**Work instruction**
From the line containing "- 自治体が従業員個人の要望" through the last line of the entries, output the text exactly. Pictures stay out.

(Records from a data collection)
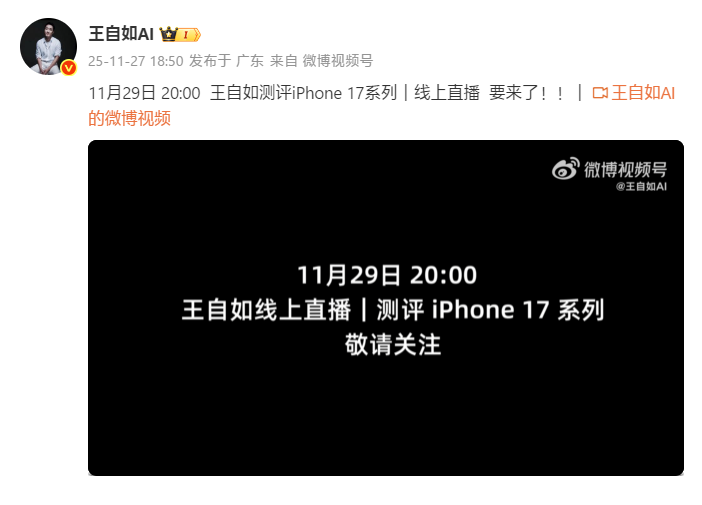 Издание Fast Technology сообщает, что Ван Цзыжу, пионер индустрии обзоров и основатель ZEALER, анонсировал свой «Обзор iPhone 17 серии». Прямая трансляция мероприятия состоится 29 ноября в 20:00 по пекинскому времени (15:00 МСК).
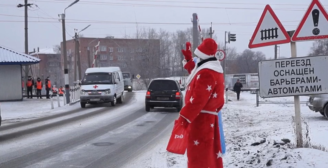 Не только приносит подарки, но и спасает жизни: на омские ж/д переезды вышел Дед Мороз
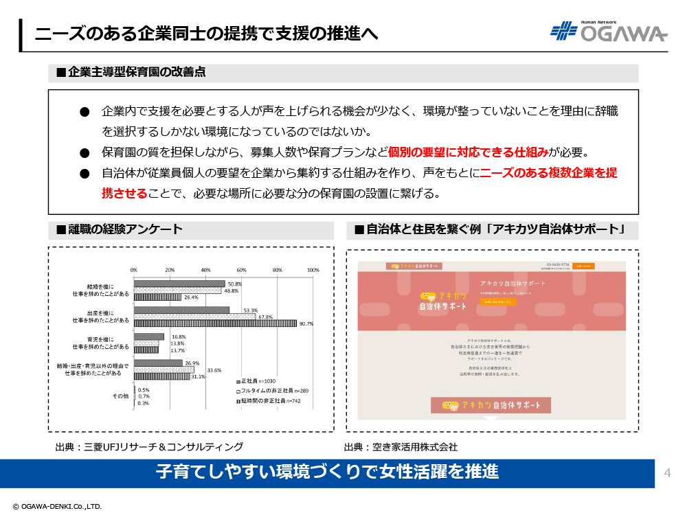 - 自治体が従業員個人の要望を企業から集約する仕組みを作り、声をもとにニーズのある複数企業を提携させることで、必要な場所に必要な分の保育園の設置に繋げる。
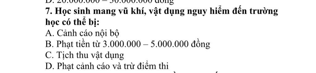 `@` Các hình thức phạt khác (như phạt tiền, cảnh báo) tùy vào mực độ vi phạm, mục đích sử dụng, độ tuổi,... của học sinh
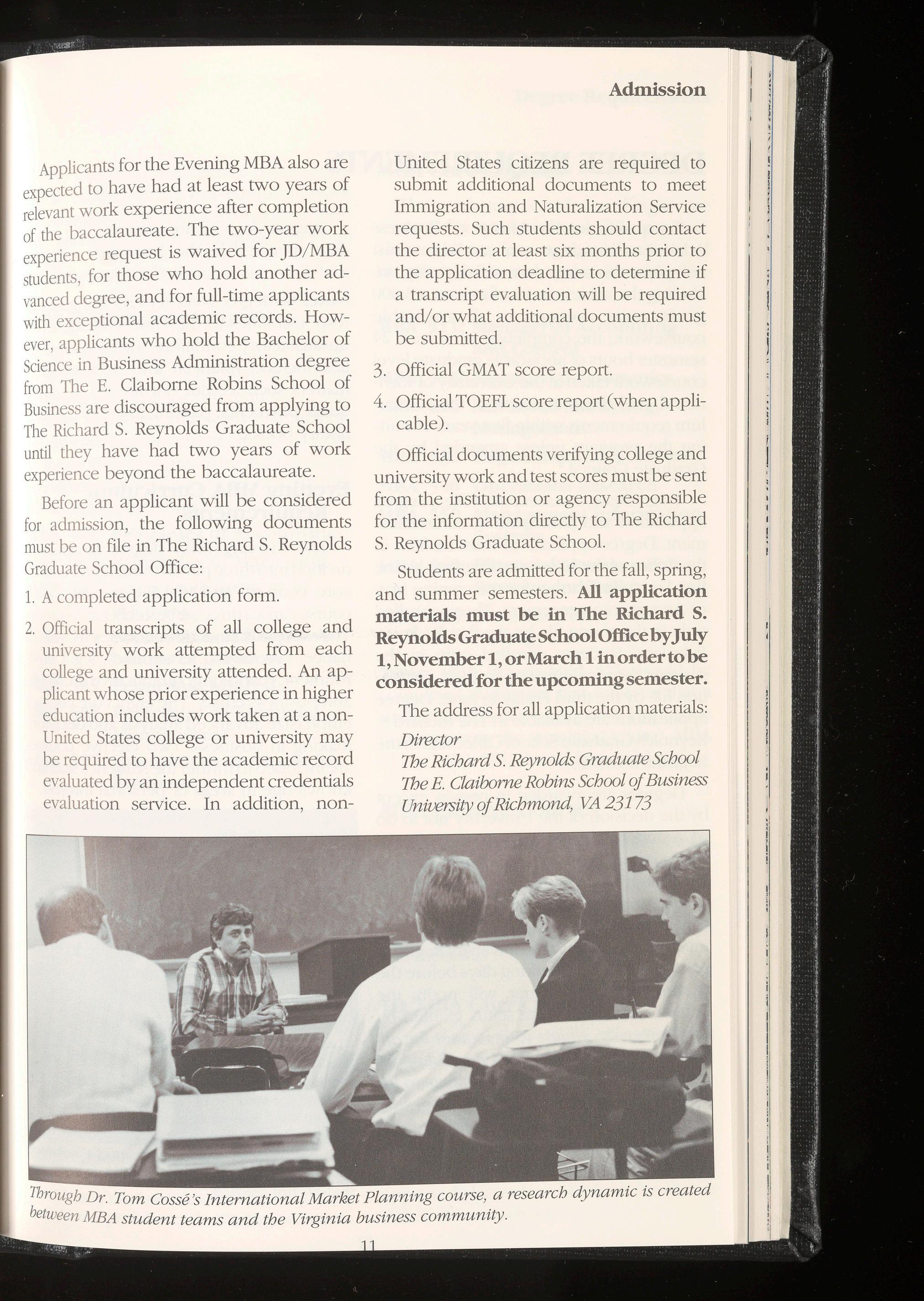 Applicants for the JD/MBA program are required to meet the admission standards of both the Evening MBA program of The Richard S. Reynolds Graduate School (as set forth in this bulletin) and The T.C. Williams School of Law. Applications must be made separately to The Richard S. Reynolds Graduate School and to the School of Law. A bulletin and application form for the School of Law may be obtained from:

**Result for this exercise**
 - 自治体が従業員個人の要望を企業から集約する仕組みを作り、声をもとにニーズのある複数企業を提携させることで、必要な場所に必要な分の保育園の設置に繋げる。
 `@` Các hình thức phạt khác (như phạt tiền, cảnh báo) tùy vào mực độ vi phạm, mục đích sử dụng, độ tuổi,... của học sinh
 Applicants for the JD/MBA program are required to meet the admission standards of both the Evening MBA program of The Richard S. Reynolds Graduate School (as set forth in this bulletin) and The T.C. Williams School of Law. Applications must be made separately to The Richard S. Reynolds Graduate School and to the School of Law. A bulletin and application form for the School of Law may be obtained from:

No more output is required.